Python implementation of “median of medians” algorithm

Question

I\'ve written this implementation of the median of medians algorithm in python, but it doesn\'t seem to output the right result, and it also does not seem of linear complexi

Answer 1

Below is my PYTHON implementation. For more speed, you might want to use PYPY instead.

For your question about SPEED: The theoretical speed for 5 numbers per column is ~10N, so I use 15 numbers per column, for a 2X speed at ~5N, while the optimal speed is ~4N. But, I could be wrong about the optimal speed of the most state-of-art solution. In my own test, my program runs slightly faster than the one using sort(). Certainly, your mileage may vary.

Assuming the python program is "median.py", an example to run it is "python ./median.py 100". For speed benchmark, you might want to comment out the validation code, and use PYPY.

#!/bin/python
#
# TH @stackoverflow, 2016-01-20, linear time "median of medians" algorithm
#
import sys, random


items_per_column = 15


def find_i_th_smallest( A, i ):
    t = len(A)
    if(t <= items_per_column):
        # if A is a small list with less than items_per_column items, then:
        #     1. do sort on A
        #     2. return the i-th smallest item of A
        #
        return sorted(A)[i]
    else:
        # 1. partition A into columns of items_per_column items each. items_per_column is odd, say 15.
        # 2. find the median of every column
        # 3. put all medians in a new list, say, B
        #
        B = [ find_i_th_smallest(k, (len(k) - 1)/2) for k in [A[j:(j + items_per_column)] for j in range(0,len(A),items_per_column)]]

        # 4. find M, the median of B
        #
        M = find_i_th_smallest(B, (len(B) - 1)/2)

        # 5. split A into 3 parts by M, { < M }, { == M }, and { > M }
        # 6. find which above set has A's i-th smallest, recursively.
        #
        P1 = [ j for j in A if j < M ]
        if(i < len(P1)):
            return find_i_th_smallest( P1, i)
        P3 = [ j for j in A if j > M ]
        L3 = len(P3)
        if(i < (t - L3)):
            return M
        return find_i_th_smallest( P3, i - (t - L3))

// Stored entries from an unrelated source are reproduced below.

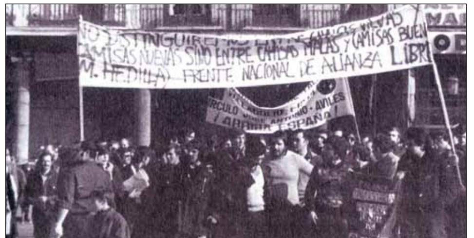
Los hedillistas del Frente Nacional de Alianza Libre (FNAL) se manifiestan a principios de los años 70

calista revolucionaria, las aportaciones van de abajo hacia arriba, a una capitalización nacional. Imaginemos que se crea en la cúpula un Consejo económico y social, debidamente asesorado por especialistas, y que ese capital, entendido como maquinaria y dinero, se reparte entre los consejos económicos y sociales que se distribuyen regionalmente, según el principio de subsidiariedad. Los municipios y comunas, agrupados libremente, democráticamente según confederaciones libres que pueden reanimar las comarcas como órganos vivos de representación y convivencia, acuden a ese Consejo, que ellos han elegido democráticamente entre sus componentes, para solicitar crédito y maquinaria para el proyecto en el que han trabajado, previa consulta con las ayudas y orientaciones del elemento profesional y especialista contratado por estos Consejos Regionales.
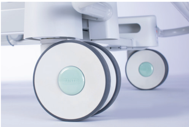
Optionele dubbele zwenkwielen van 125 mm**
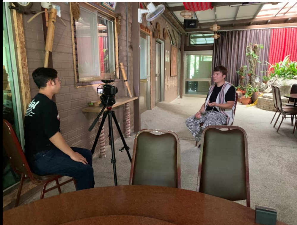
👉照片說明：部落客心得分享

# How many numbers should be randomly generated for testing?
#
number_of_numbers = int(sys.argv[1])


# create a list of random positive integers
#
L = [ random.randint(0, number_of_numbers) for i in range(0, number_of_numbers) ]


# Show the original list
#
print L


# This is for validation
#
print sorted(L)[int((len(L) - 1)/2)]


# This is the result of the "median of medians" function.
# Its result should be the same as the validation.
#
print find_i_th_smallest( L, (len(L) - 1) / 2)